|Paralegals are legal assistants who spend most of their time helping to manage the massive paperwork generated by legal proceedings. Paralegals file, sort, index, photocopy, and draft legal documents. They may also hold hearings and interview witnesses. Most entry-level paralegals should have a bachelor’s degree, and additional certification may increase employment opportunities. The duties of a paralegal depend on the firm for which the paralegal works and the educational training and experience of the paralegal.
Many of the paralegal’s services are performed directly for the benefit of a lawyer, businessperson, or government employee. These services assist the employer with his or her duties. A paralegal may also work directly with the lawyer’s clients, drafting necessary contracts and paperwork. Some paralegals, however, provide legal services for people who cannot afford full legal services. Typical paralegal services include preparing all types of court documents, planning finances, including estates with will and trust plans, and corporate services.
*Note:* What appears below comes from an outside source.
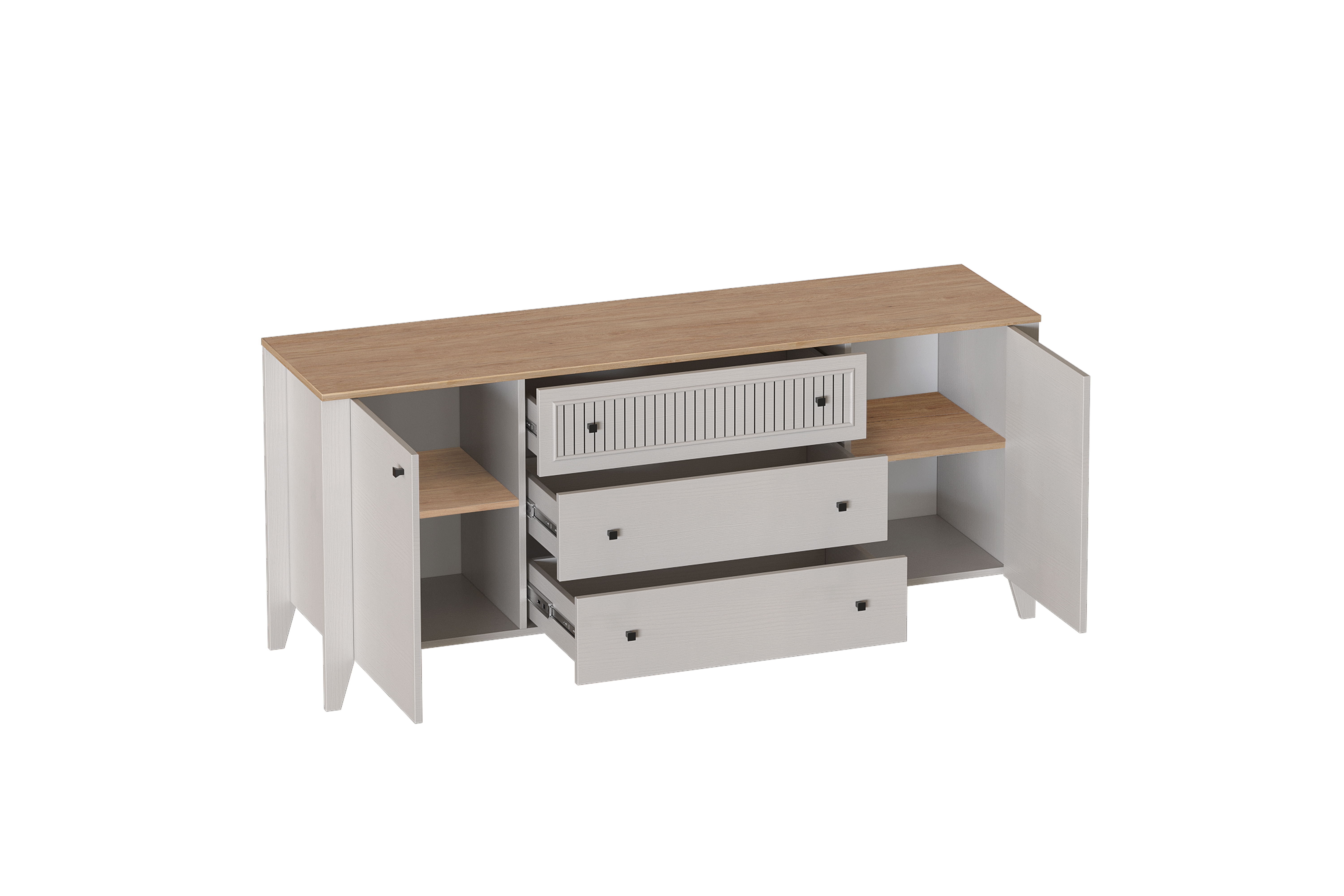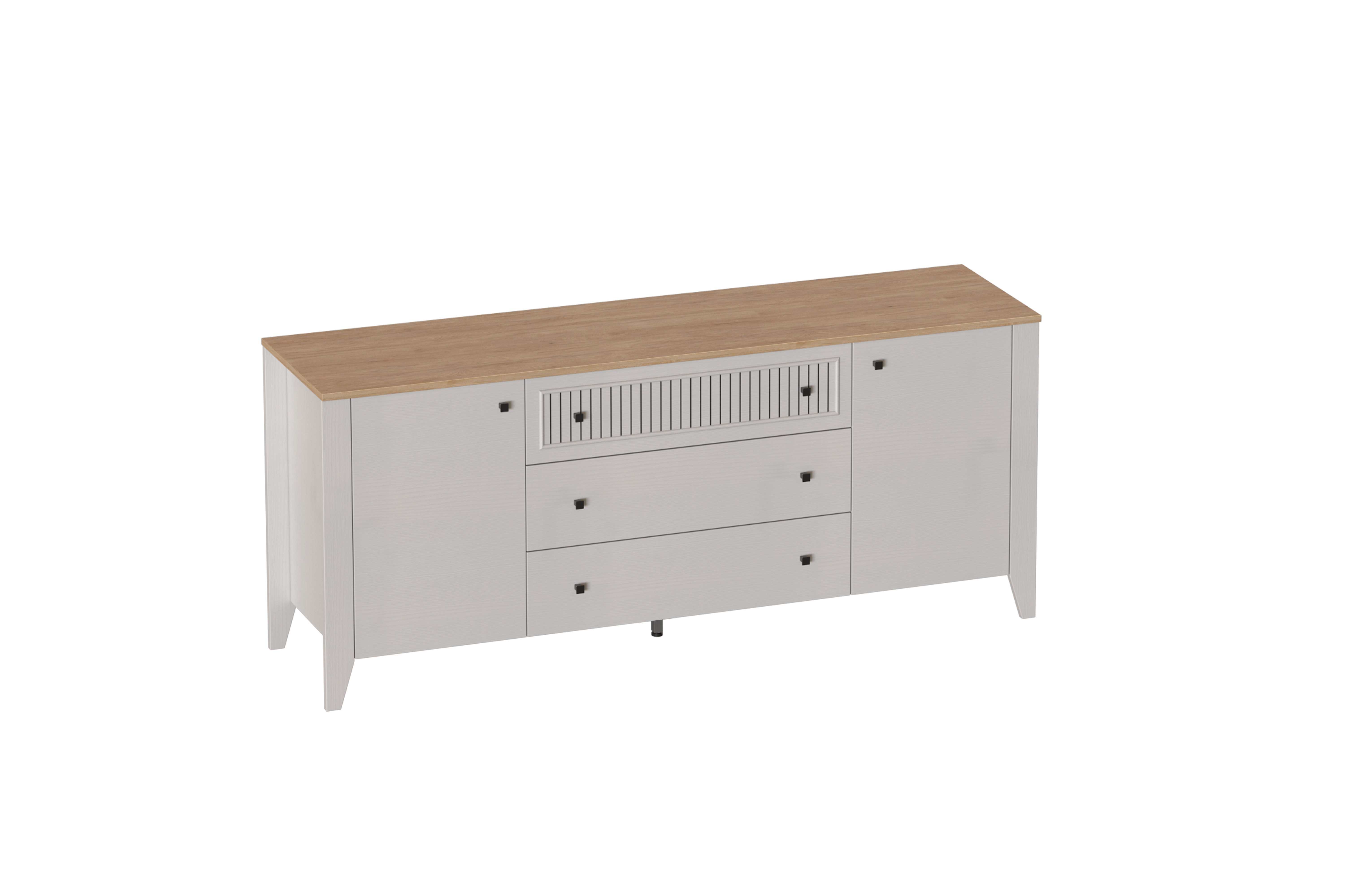 Тумба ТВ "Валенсия" выполнена в комбинации Дуб натуральный светлый / Персидский жемчуг и оснащена 3 ящиками на шариковых направляющих (без амортизаторов). Она выполнен из безопасных, качественных материалов, что гарантирует долговечность и сохранение первоначального вида на протяжении долгого времени.

Paralegals prepare a number of court documents, such as motions, briefs, and depositions. Motions petition the trial judge for particular rulings favorable to the lawyer’s team. Briefs are reports that describe and support the motion. Depositions consist of interviews of witnesses before the trial begins. All these documents must be indexed and organized, and often must be entered into a computer, by the paralegal.
With proper training, paralegals may draft wills and trusts, separation agreements, and mortgages. Paralegal services may extend into real estate by helping prepare tax returns and planning estates.
Paralegals with more business training working in a corporate environment may help handle bankruptcies filings, shareholder agreements, stock option plans, benefit plans, or tax returns. Some may keep finance records for the law firm. Others may help oversee business contracts.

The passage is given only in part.